DDPG 将 DQN 扩展到连续动作空间:

- **确定性策略**: $a = \mu_\theta(s)$ 直接输出动作
- **经验回放**: 打破样本相关性
- **目标网络**: 稳定训练目标

### 4.2 数学原理

**确定性策略梯度定理**:

$$\nabla_\theta J(\theta) = \mathbb{E}_{s \sim \rho^\mu}\left[\nabla_a Q(s, a)|_{a=\mu(s)} \nabla_\theta \mu_\theta(s)\right]$$

**直觉理解**: 沿着Q函数对动作的梯度方向更新策略,使输出的动作获得更高的Q值。

In [None]:
# 创建 DDPG Agent
ddpg_config = DDPGConfig(
    state_dim=4,
    action_dim=2,
    max_action=1.0,
    hidden_dims=[64, 64],  # 小网络用于演示
    buffer_size=10000,
    batch_size=64,
    lr_actor=1e-4,
    lr_critic=1e-3,
    gamma=0.99,
    tau=0.005,
    exploration_noise=0.1,
)

ddpg_agent = DDPGAgent(ddpg_config)
print(f"DDPG Agent created on device: {ddpg_agent.device}")

In [None]:
# 演示动作选择
state = np.random.randn(4).astype(np.float32)

# 训练模式 (带噪声)
ddpg_agent.train_mode()
actions_train = [ddpg_agent.select_action(state) for _ in range(10)]

# 评估模式 (确定性)
ddpg_agent.eval_mode()
actions_eval = [ddpg_agent.select_action(state, deterministic=True) for _ in range(10)]
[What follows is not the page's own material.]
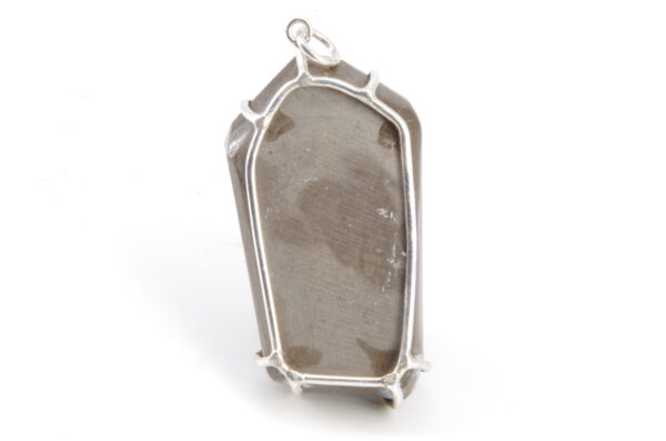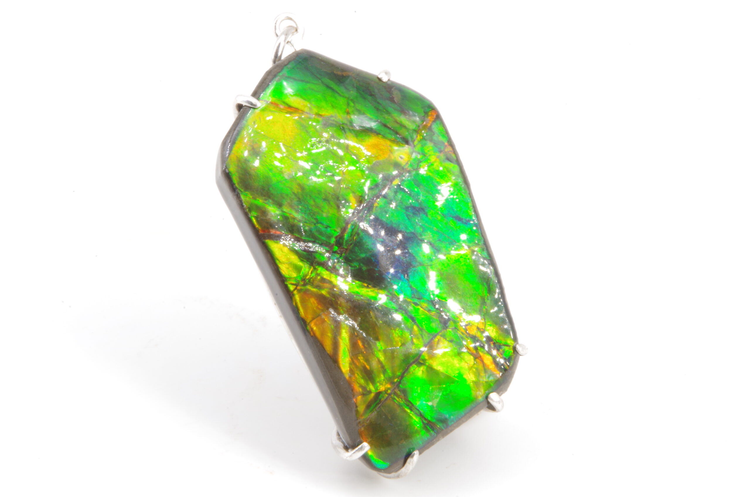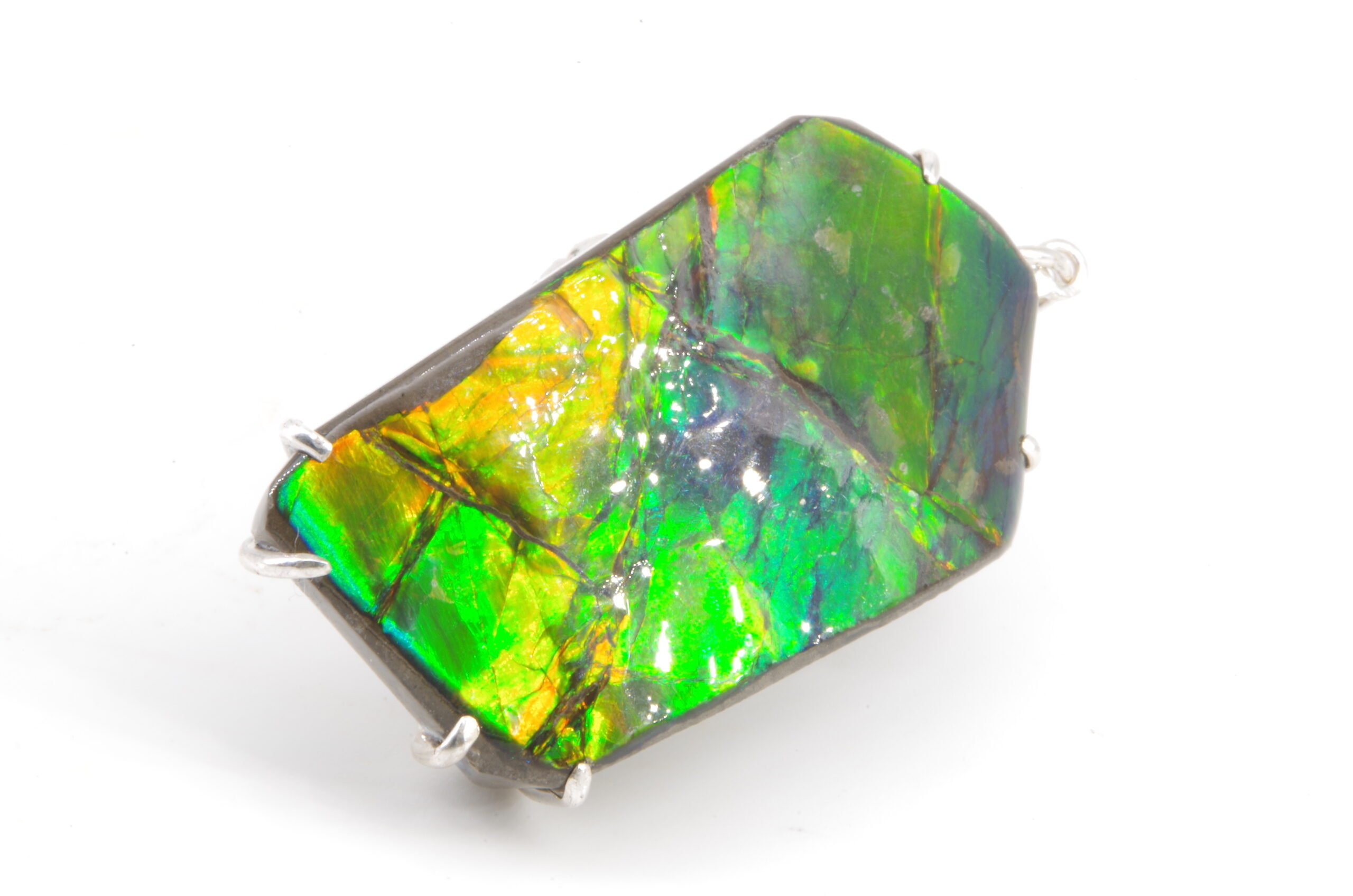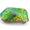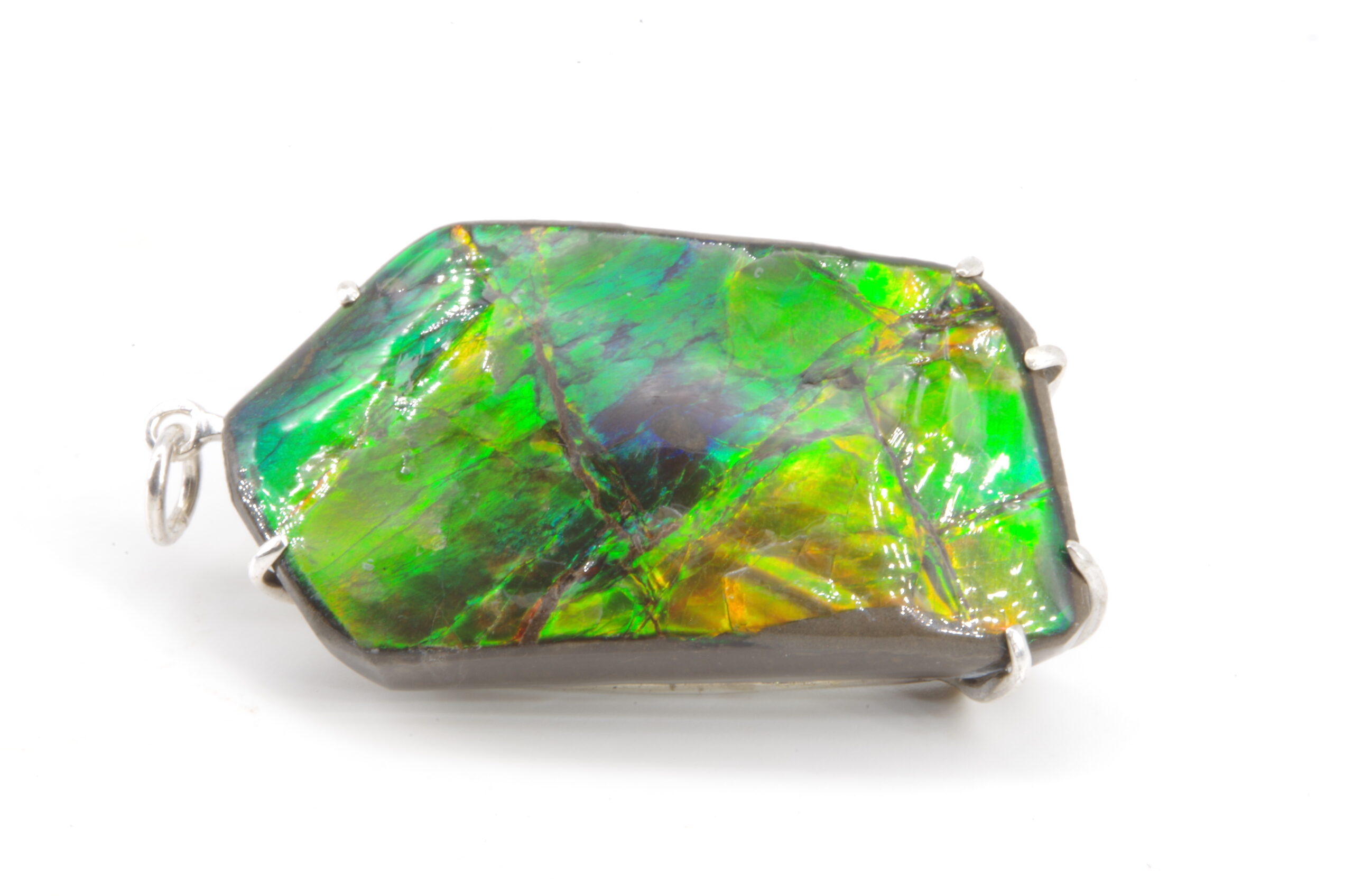 Jolie Ammolite authentique du Canada stabilisée avec une résine époxy serti avec de l’Argent. Réalisation sur mesure par un artisan bijoutier offrant une épouse parfaite de la pièce sans recours au perçage pour une durabilité sans faille et une parfaite préservation du spécimen.

print("Training mode (with exploration noise):")
for i, a in enumerate(actions_train[:3]):
    print(f"  Action {i+1}: {a}")

print("\nEvaluation mode (deterministic):")
for i, a in enumerate(actions_eval[:3]):
    print(f"  Action {i+1}: {a}")

### 4.3 DDPG 的问题

DDPG 存在以下已知问题:

1. **Q值过估计**: 单一Q网络容易高估价值
2. **训练不稳定**: 策略和价值函数相互影响导致振荡
3. **探索不足**: 高斯噪声可能不够有效

这些问题催生了 TD3 和 SAC。

---

## 5. TD3: Twin Delayed DDPG

### 5.1 三重改进

TD3 通过三个关键改进解决 DDPG 的问题:

| 改进 | 解决的问题 | 实现方式 |
|------|------------|----------|
| **Clipped Double Q** | Q值过估计 | $\min(Q_1, Q_2)$ |
| **Delayed Policy Update** | 训练不稳定 | 每d步更新一次Actor |
| **Target Policy Smoothing** | Q函数脆弱性 | 目标动作加噪声 |

### 5.2 详细解析

**1. Clipped Double Q-Learning**

$$y = r + \gamma \min_{i=1,2} Q_{\phi'_i}(s', \tilde{a}')$$

使用两个Q网络的最小值作为目标,提供保守的价值估计。

**2. Delayed Policy Updates**

每 $d$ 次 Critic 更新才更新一次 Actor (通常 $d=2$),让 Critic 先稳定。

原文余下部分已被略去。